Being pregnant can suck. Although many of us, like me, will never really know what it is like, we will (in all likelihood) all know someone who is (or has been) pregnant; and if you don't believe me: ask them!
Pregnancy could mildly be described as a time of some changes. The process of growing another human is a complicated one, and it will put stresses and strains on your body it will never have experienced before.
So, about six million years ago, plus or minus, our ancestors started walking on two legs, a trait called bipedalism.
This necessitated a whole host of changes, many of which might be considered a bit 'bodgy', as they were a cobbled-together adaptation of existing structures rather than a redesign, so to speak.
These changes have particular relevance in pregnancy, because many of them involved the way that the pelvis and spine fit together and work
As the orientation of the skeleton became more upright, changes to the shape of the pelvis and hips, muscle alignments and even the bony ridges and features have forced us accept a number of trade-offs.
It is worthy of note that these trade-offs are not necessarily minor; arthritis appears to have been an issue, especially in the low back, pelvis and knees, since hominids developed bipedal locomotion.
The spine developed a number of curves, helping us to bring our body weight over our hips (or, more accurately, to align the gravitational centres of head, thorax and abdomen) and cushion the brain from the shock of ground-reaction forces from walking.
The femurs (thigh bones) turned to point more inwards, bringing our feet more directly under the centre of our bodies.
The pelvis became much shorted and bowl-like, giving better leverage to the hip muscles.

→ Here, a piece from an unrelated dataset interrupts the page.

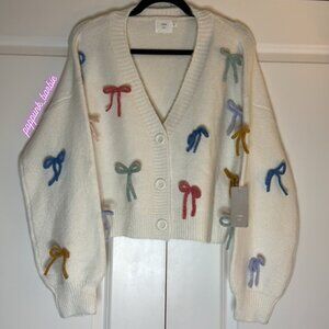 LUNA IVY Bows Button 3D Up Cardigan Sweater Size S NEW WITH TAG

The pelvis also got larger as we shifted from a quadrupedal (four-legged) to bipedal (two-legged) stance, and the abdomen relatively smaller. This means that limited space for abdominal expansion during pregnancy.
This in turn leads to several problems, including 'squeezing' of the foetus between the anterior (front) abdominal wall and the lordosis (inwards curve) of the lumbar spine; and consequent compression of the large blood vessels in the region and forward expansion of the abdomen.
Early in pregnancy, in the first trimester, there is normally a slight posterior rotation (bacwards tilt) of the pelvis caused by displacement pressures of the other organs. This actually flattens out the curve in the low back, which puts a little more strain on the lumbar erector spinae (muscles that hold you upright and support that curve). It also stretches the hip flexors (muscles at the front of the hip) and forces some contraction in the upper abdominal muscles at the front.
Towards the end of the first trimester, the abdomen as a whole is starting to change shape and orientation. As the uterus enlarges, pressure will be placed on the diaphragm (the dome-shaped muscle between thoracic, or chest, and abdominal cavities), forcing the region between the mid- and low back into extension, or backwards bending.
Later in pregnancy, the pelvis has commonly started to rotate anteriorly (forwards), with a consequent re-organisation of spinal curves. Now there is an increase in the lumbar lordosis, which places a strain on the abdominal muscles. This may also increase the pressure on the pubis and lower end of the ribs, and/or pelvic floor and pelvic ligaments. The head position will also shift, increasing strain at the junction of neck and upper back.
All of these contribute to the classic 'waddling' gait of pregnancy. Each person will apply different strategies while walking to cope with these underlying changes, so an individualised assessment of your compensatory mechanisms is essential to effective management.
How well you cope with these shifting stresses and strains determines how much discomfort you are likely to suffer.
Some of the structures in the body have been adapted on-the-fly to cope with the transition from walking on all fours to two legs.
Unfortunately the areas where this is most true are also fundamentally involved in pregnancy and childbirth.
By assessing just how your structure and function are compensating for each other, your osteopath can help to make this wonderful, exciting - but potentially uncomfortable - time as easy as possible.